What is sport psychology, and how can using its theories help you build great golf mannerisms and manage your game around the course? According to the American Psychological Association, “Sport Psychology is a proficiency that uses psychological knowledge and skills to address optimal performance and well-being of athletes, developmental and social aspects of sports participation, and systemic issues associated with sports settings and organizations … Although there are many specific concepts within applied sport and exercise psychology (e.g., goal setting, concentration, motivation, relaxation, imagery), the general goal is to teach mental skills necessary to perform consistently in training and competition, increase adherence to exercise programs, and to help individuals realize their potential.”

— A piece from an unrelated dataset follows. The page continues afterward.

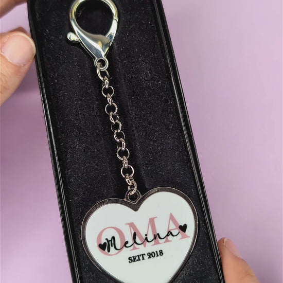 Herzförmiger Anhänger aus Metall mit Oma seit Motiv
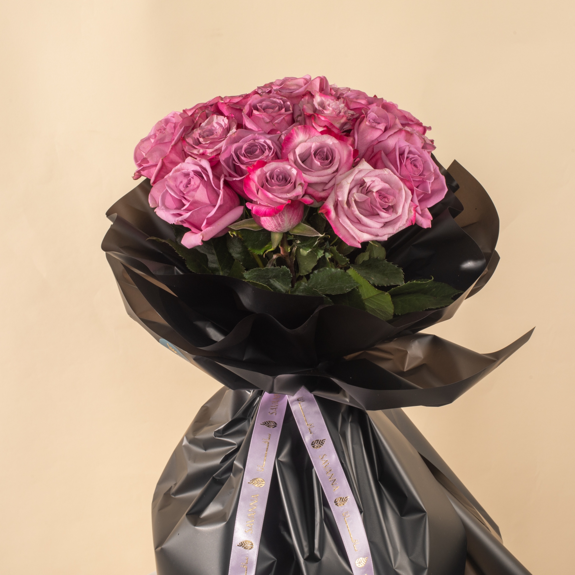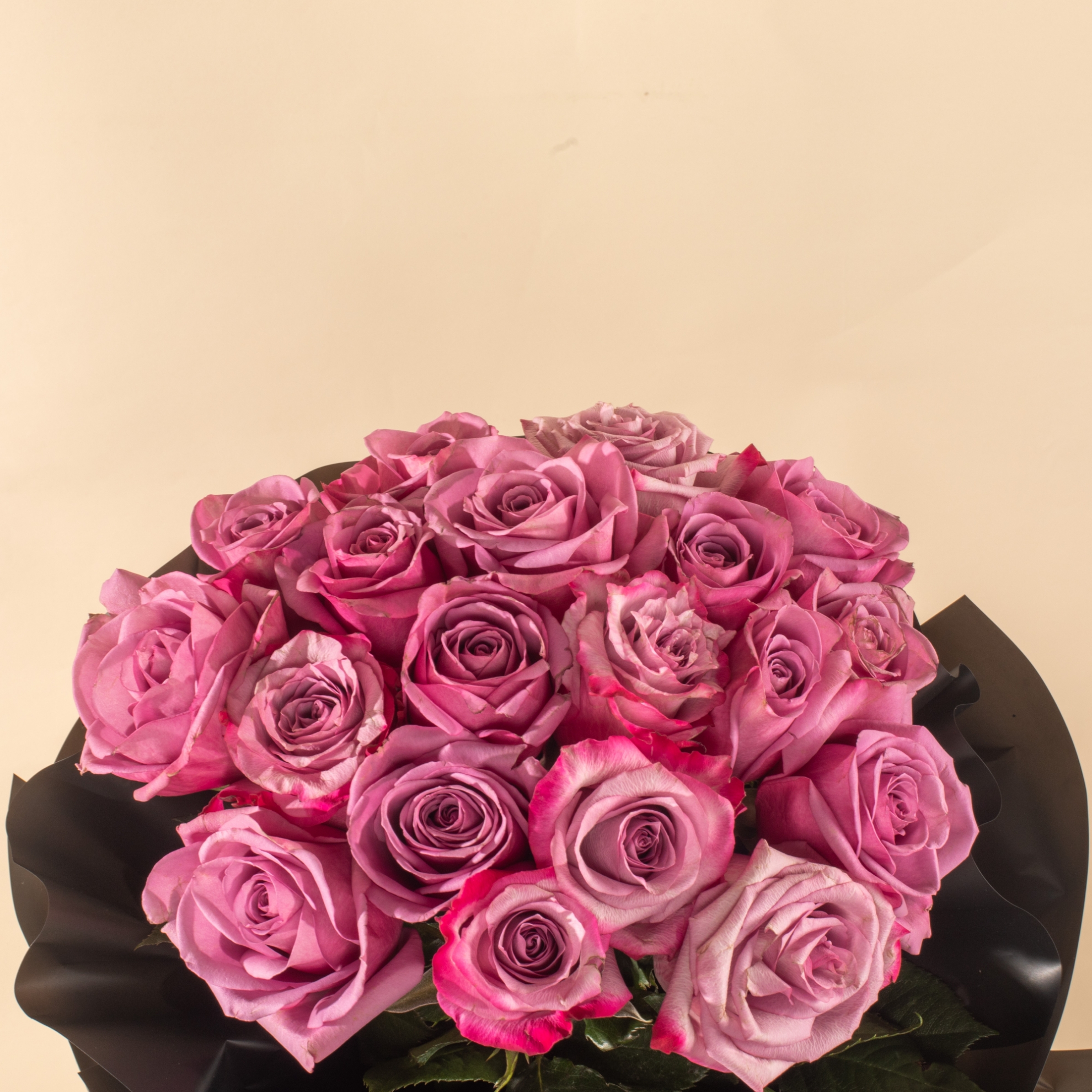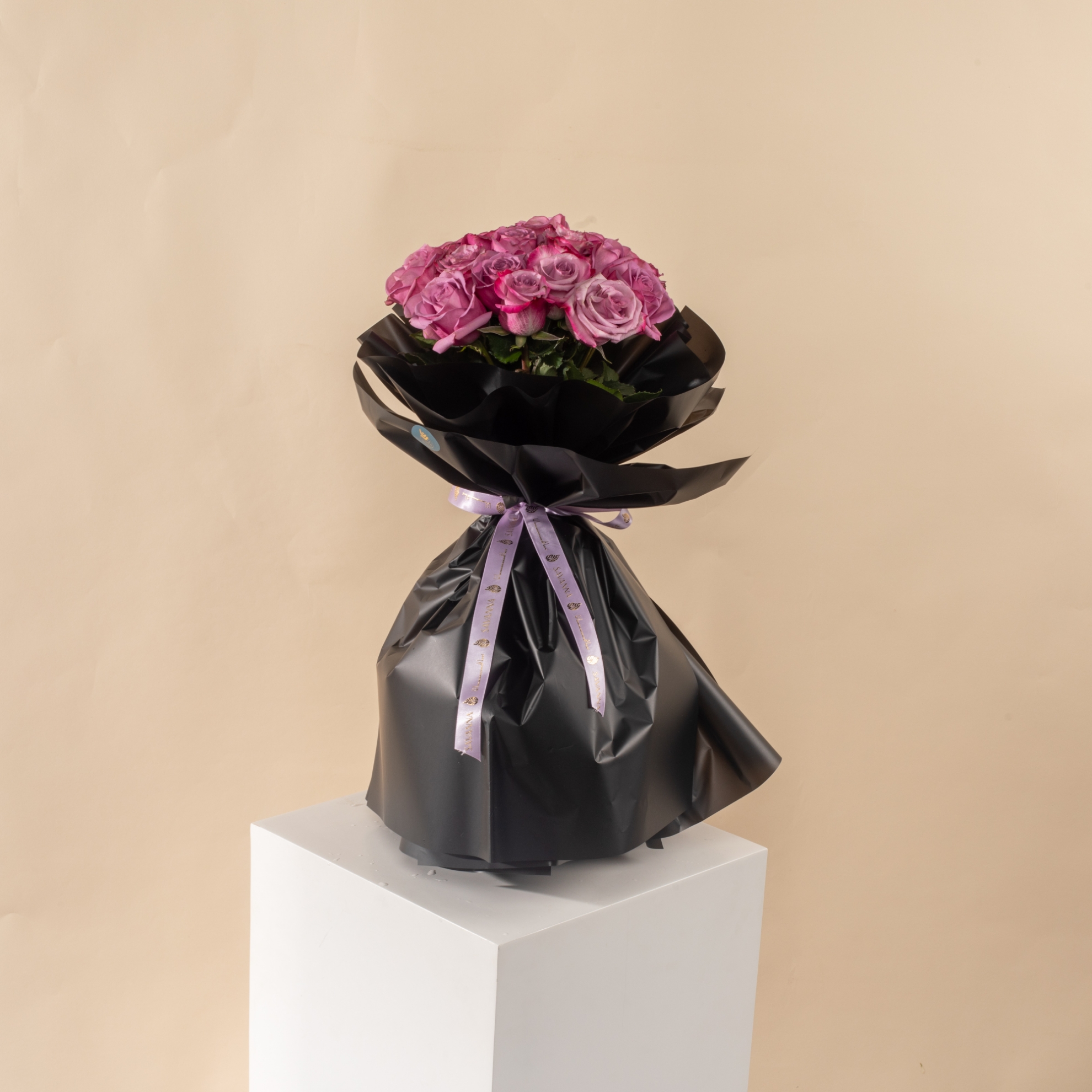20 Purple Roses with Black WrappingA luxurious bouquet of 20 purple roses wrapped in elegant black — bold, romantic, and perfect for making a lasting impression.

How do these definitions fit into improving your score on the golf course? In short, they mean you should improve how and what you think about prior to a shot and make shot selections that give you the highest percentage for success.
NO MORE ‘DONT’S’
When managing your golf game, the term “self-fulfilling prophecy” can and will affect the outcome of your shot. When playing golf, your mind doesn’t interpret your thoughts of “good or bad” or “do or don’t”; however, it does interpret your thoughts of left, right, water, out-of-bounds, etc. The best thing you can do to improve your score is to eliminate the word don’t before making a stroke. When your last thought before making your stroke from the tee is “Don’t go left,” that’s usually where the ball will go because your mind, which controls your swing, understands left. If you want the ball to go to the right you need only to think “go right” and it usually will go to the right.
The point is that positive thoughts will help you keep the ball in play, which leads to a better score.
I was working with a university student who had hooked his drive into a hazard on the left side of a par 4 hole. The fairway was wide and there was more open room for a miss to the right of the fairway. Before his shot, we had discussed a plan for the best outcome for his tee shot. After his shot went into the hazard, I asked him what his thought was prior to making his swing. He said, “Don’t go left.” His shot to the left was a self-fulfilling prophecy.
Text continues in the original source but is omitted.